At the start of every year, I start collecting students' and friends' old electronics with the sole purpose of taking things apart. You could talk about all of the things that students learn from taking apart electronics, from the elements of design and engineering, to teamwork, to tool use, but I don't want to sully the experience by talking about such things. Taking things apart is cool. Playing with screwdrivers is fun, and there are lots of neat things inside. The circuit boards look like cities!
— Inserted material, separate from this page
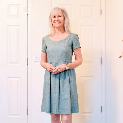 First up..... making another version of this cute dress, below. Everyone should have a couple of fun, easy to wear little dresses in their closets and the free pattern Orla Dress by French Navy fits that bill for me. This dress, below, was made way back in 2017 for my daughter who never liked it, nor wore it, so it was eventually rescued and put into my closet but never officially blogged about. Sewn straight from the pattern, was pleasantly surprised to find it produced a pretty good fit for me. Made from a lovely sage green quilting cotton with the bodice lined in soft white cotton, it is a delight to wear.

Anyway, it takes a while, but by mid-year, we usually have a computer or two, some VCRs, a toaster, or a TV. Maybe more, maybe less. I keep my eye out on trash day, too. It's better if things don't work anymore, because they sure aren't when we get done with them! This year, I got all high minded. I made a cool booklet, My Robot Journal, that had a spot for kids to write before they did anything. It had spots that covered several modes of writing. I was so proud of my work. There was only one problem with it. It was teacher designed based on teacher desires. And it killed it. The kids who like to write were gonna get to have fun, and the ones who are overwhelmed by writing were going to be frustrated. That's not what I wanted this lesson to be like.

So today, I decided to take down the pay wall, and put the trust in the hands of my students. I told them they should still hang on to the robot journal. I'd left them with lots of valuable tools that they could use in constructing blog posts and stories from this project. Then I told them, the journals are YOURS, use them how you like. I distributed a limited number of screwdrivers, and said they would need to share with their partners, or bring some in from home. And then magic happened.

The kids were - no surprise here - totally engaged in their work. I had boys taking apart a refrigerator, girls dismantling a VCR, kids taking apart phones, computers, and peripherals. It was awesome! They were cooperative, they were working safely, and they were thrumming with excitement. As I circled around the room, I heard kids saying things like, "I'm gonna use this wire for hair", "These will be cool eyes!", and "Oh good, there's a fan in here for each of us!"

When it was time to clean up, they were disappointed but cooperative. I asked them as we were on our way to lunch, "You had a good time, right?" Yeses, smiles, and nods. "Is it fair to ask you to make it worth my time by writing some great blog posts about taking apart your tech?" More smiling nods. "Do you think you can come up with 200 words based on what you did today?" More affirmatives! On future Wednesdays, we'll be designing robots with our tech parts, we'll assemble them, photograph them, 'shop them into pictures, and write stories about them. I love doing this project with my students, but I have to say, even if it was just today, it was worth it to have the kids taking things apart to find out what's inside.